Lawsuit Seeks to Block New York's Ban on Gas Stoves

Gas and construction trade groups say the state does not have the legal ability to enforce the rule.

Burners on a natural gas stove in Walpole, Mass., June 21, 2023.
Burners on a natural gas stove in Walpole, Mass., June 21, 2023.
AP Photo/Steven Senne, File

ALBANY, N.Y. (AP) — Gas and construction trade groups are suing to block New York state's ban on gas stoves and furnaces in new buildings.

The organizations argue the law violates the federal government's rules around how gas appliances are regulated, and filed the case against New York on Thursday in federal court.

Gov. Kathy Hochul, a Democrat, approved the ban this spring on the installation of fossil-fuel equipment in new buildings. It's set to take effect in 2026 for structures of seven stories or less and in 2029 for larger buildings. The law would not apply to existing buildings.
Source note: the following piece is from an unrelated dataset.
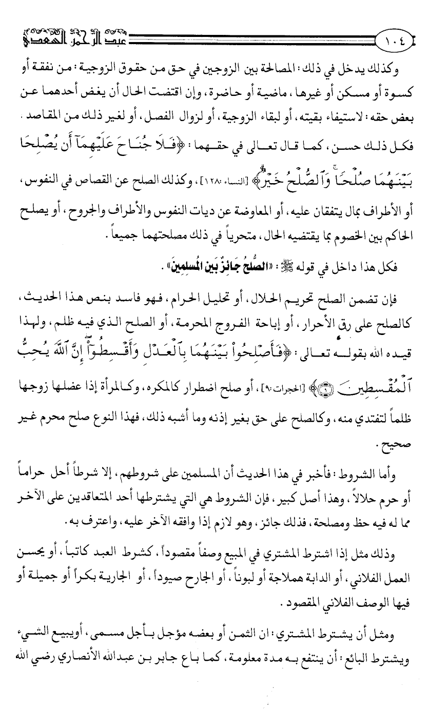وأما الشروط: فأخبر في هذا الحديث أن المسلمين على شروطهم، إلا شرطاً أحل حراماً أو حرم حلالاً، وهذا أصل كبير. فإن الشروط هي التي يشترطها أحد المتعاقدين على الآخر مما له فيه حظ ومصلحة، فذلك جائز. وهو لازم إذا وافقه الآخر عليه، واعترف به.

Similar policies have been approved by dozens of Democrat-controlled cities and local governments as supporters say they are aiming to reduce greenhouse gas emissions and improve indoor air quality. The rule quickly became the source of partisan outrage over climate change, with Republican officials and other opponents criticizing it as an infringement on consumer choice.

The New York Department of State, which is named as a defendant, declined to comment on the lawsuit.
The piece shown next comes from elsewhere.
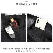 ・内側にファスナーポケット×1、外側にはオープンポケット×8を装備!小物を仕分けしやすいつくり。
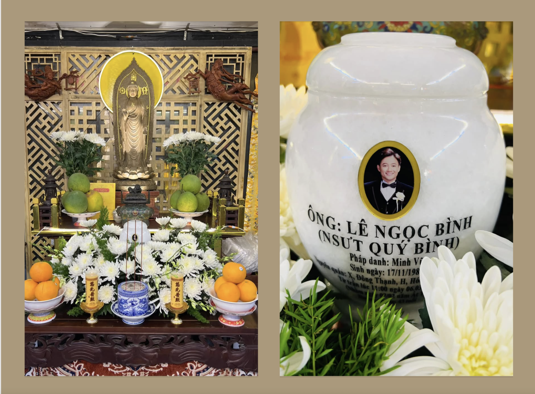 Theo đó, tro cốt của diễn viên Quý Bình sẽ được đặt tại chùa Đức Quang (quận 4, TP HCM). "Cho anh được nghe kinh, sau 49 ngày sẽ rải hết xuống biển Cần Giờ. Ai rảnh ghé viếng anh Bình nhe", Lâm Khánh Chi thông báo trên trang cá nhân.

The case was filed by the National Association of Home Builders and the National Propane Gas Association, among others. It alleges that New York does not have the legal ability to enforce its rule because a preexisting federal law called the Energy Policy and Conservation Act already regulates energy use policies.

They are asking a judge to rule that the state's ban is unenforceable under federal law and for it to be blocked before it takes effect.

The state's law contains exemptions for emergency backup power equipment and for commercial food establishments, laboratories and car washes. New York City is set to begin phasing in a separate set of rules for all-electric new construction next year.